Between sleep deprivation and hectic schedules, parents don’t always have time to decipher the tax code. That means many of them lose out on potential savings in the form of tax credits, deductions, and tax-advantaged savings plans. We interviewed tax experts on the most common mistakes that parents make when they do their taxes. Here are the top 10:
Failing to quickly get a Social Security number for a new child:
Mark Luscombe, principal federal tax analyst for the tax firm CCH, says that even newborns need Social Security numbers right away. Hospitals make it easier by helping new parents with the paperwork, but parents are still responsible for making sure they get the number and use it correctly when filing taxes. Otherwise, Luscombe says, the IRS could disallow some of the tax benefits.
Luscombe adds that parents themselves need to make sure they have their correct Social Security number on their tax forms. This can be especially challenging for people who recently got married, changed their names, and requested a new number. “If the name on the tax return and the Social Security number don’t match up, the IRS gets concerned,” he says.

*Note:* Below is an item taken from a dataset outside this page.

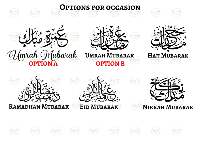 Upon ordering, you have the opportunity to customise the wording for this special gift. Choose from 'Umrah Mubarak', 'Eid Mubarak', or 'Ramadan Mubarak' as the central message, depending on the occasion. Furthermore, you can add your loved ones' names, creating a personalised touch that reflects the significance of their journey or celebration.
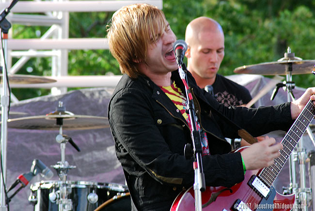 Unfortunately, it was at this point that my wife and I decided it may be best to head back to the Hollywood Stage to catch some of Hawk Nelson's set before it finished. We didn't know how long either band would play, so considering the possibilities of just 10-song sets, it seemed ideal to leave after five songs from Jars. We arrived at the Hollywood Stage as the Hawk boys were at the kazoo playing part of their song "Hello" from their sophomore album Smile, It's The End Of The World. Vocalist Jason Dunn brought his girlfriend on stage to play the little plastic instrument along with him, and the song was soon followed by a cover of "Just What I Needed" by The Cars. The pop/punk band's popular anthem "California" followed, before Dunn paused for a serious introduction to the suicide-themed ballad "Zero." The portion of their set that we saw just seemed to breeze by as the band closed with the raucous "Bring 'Em Out," and we exited the audience to look for a friend of ours. While we stood by the merch stands located to the side of the Hollywood Stage, we soon heard an acoustic version of "36 Days" drift over as Hawk delivered a humble encore. As we mingled around the Hollywood Stage for some time after their set, I was disappointed to note that Jars Of Clay kept on playing long after Hawk's conclusion, and I wished I'd known they would play so long beforehand so I could have made it back to The Yard for some of it. Even from where we were by the Hollywood Stage, I recognized the subtle hints of recent set Jars staples like "Dead Man," "Love Me," their cover of INXS' "Don't Change," "Flood," and their closer "Light Gives Heat."

Omitting the dependent exemption for babies born at the end of the year:
Even babies born on December 31 provide their parents an entire year’s worth of exemption status. “You don’t have to apportion it to the time the baby was alive,” explains Barbara Weltman, attorney and author of J.K. Lasser’s 1001 Deductions and Tax Breaks 2011. She adds that even high-income tax payers get the full value of the exemption this year.

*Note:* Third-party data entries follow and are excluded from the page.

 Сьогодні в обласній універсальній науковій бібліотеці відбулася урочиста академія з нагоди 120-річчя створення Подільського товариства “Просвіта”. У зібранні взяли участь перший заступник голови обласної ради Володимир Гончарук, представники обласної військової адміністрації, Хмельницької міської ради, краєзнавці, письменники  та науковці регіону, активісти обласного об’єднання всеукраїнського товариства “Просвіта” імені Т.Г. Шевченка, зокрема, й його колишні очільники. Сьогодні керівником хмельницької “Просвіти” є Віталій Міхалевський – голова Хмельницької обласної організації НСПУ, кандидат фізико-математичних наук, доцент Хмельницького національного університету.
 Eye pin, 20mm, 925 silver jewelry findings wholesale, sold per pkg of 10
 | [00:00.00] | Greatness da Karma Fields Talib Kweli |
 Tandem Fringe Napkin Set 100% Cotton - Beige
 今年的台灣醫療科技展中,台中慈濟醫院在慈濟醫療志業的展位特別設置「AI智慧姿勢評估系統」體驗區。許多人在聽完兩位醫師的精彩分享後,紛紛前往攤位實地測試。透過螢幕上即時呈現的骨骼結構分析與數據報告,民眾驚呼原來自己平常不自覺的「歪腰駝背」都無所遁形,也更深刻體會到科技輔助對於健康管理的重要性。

Overlooking the adoption credit:
This credit, which can be worth about $13,000, is designed to alleviate some of the expenses associated with adopting a child. But because adoption often takes more than one year and involves many types of expenses, parents can get overwhelmed with the paperwork. Bob Meighan, vice president of TurboTax, recommends keeping careful track of receipts, then filing for the credit the year of the adoption.

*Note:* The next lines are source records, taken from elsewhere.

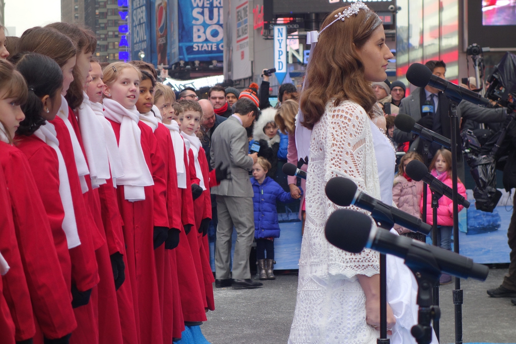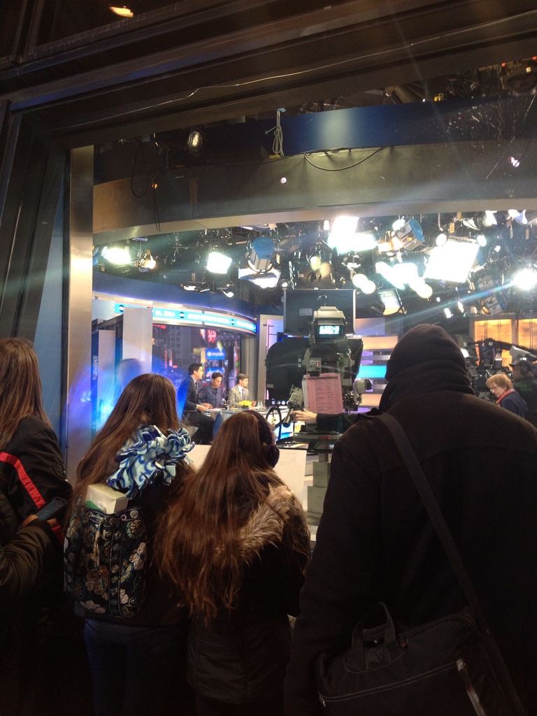 The darling New York Children's Chorus patiently shuttled in and out of the studio to the fenced off staging area in the middle of Times Square, to practice and tape segment spots, four times between 6:15am and 8am.
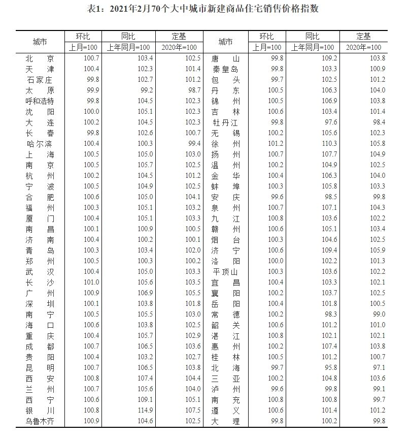 ——国家统计局城市司首席统计师绳国庆解读2021年2月份商品住宅销售价格变动情况统计数据
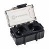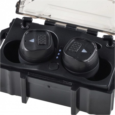 Słuchawki oferują do 10 godzin pracy dzięki dołączonemu etui ładującemu, które pełni również funkcję power banku. Etui ma diodowy wskaźnik poziomu naładowania, a samo ładowanie odbywa się przez port USB-C z gumową zaślepką. Ochronniki informują użytkownika dźwiękowo o niskim poziomie naładowania, co zwiększa wygodę użytkowania w terenie. Poręczne etui do transportu, idealnie dopasowane do większości ładownic Cargo.

Forgetting to keep careful records of care providers:
Many working parents are eligible for the child and dependent tax credit, which can help ease some of the costs of daycare, babysitters, and after-school programs for children younger than 13. What often trips parents up, says Luscombe, is that they forget to record the tax ID or Social Security numbers of the care providers throughout the year. Without that information, they can’t file for the tax credit. “If you’ve had a succession of babysitters and have no Social Security numbers, then you could lose out on part of the credit for not doing your homework,” he says.
Stacey Bradford, author of The Wall Street Journal’s Financial Guidebook for New Parents, adds that summer day camp fees also count if both parents are working, looking for work, or studying, as long as the child is under age 13.
Claiming something other than head of household status:
Single parents in particular often forget to claim head of household status, which provides certain tax advantages, including the ability to claim dependents. “There’s a lot of confusion about the head of household filing status and a lot of people don’t seem to understand what that means,” says Luscombe. Single parents could be eligible for this status if they paid more than half the cost of maintaining their household throughout the year and live with their children for more than half the year.
Ignoring the child tax credit:
The child tax credit, which is worth up to $1,000, phases out for higher earners, but most taxpayers qualify for it, says Meighan. It applies to children under age 17 who live with the parent claiming the credit for more than half the year.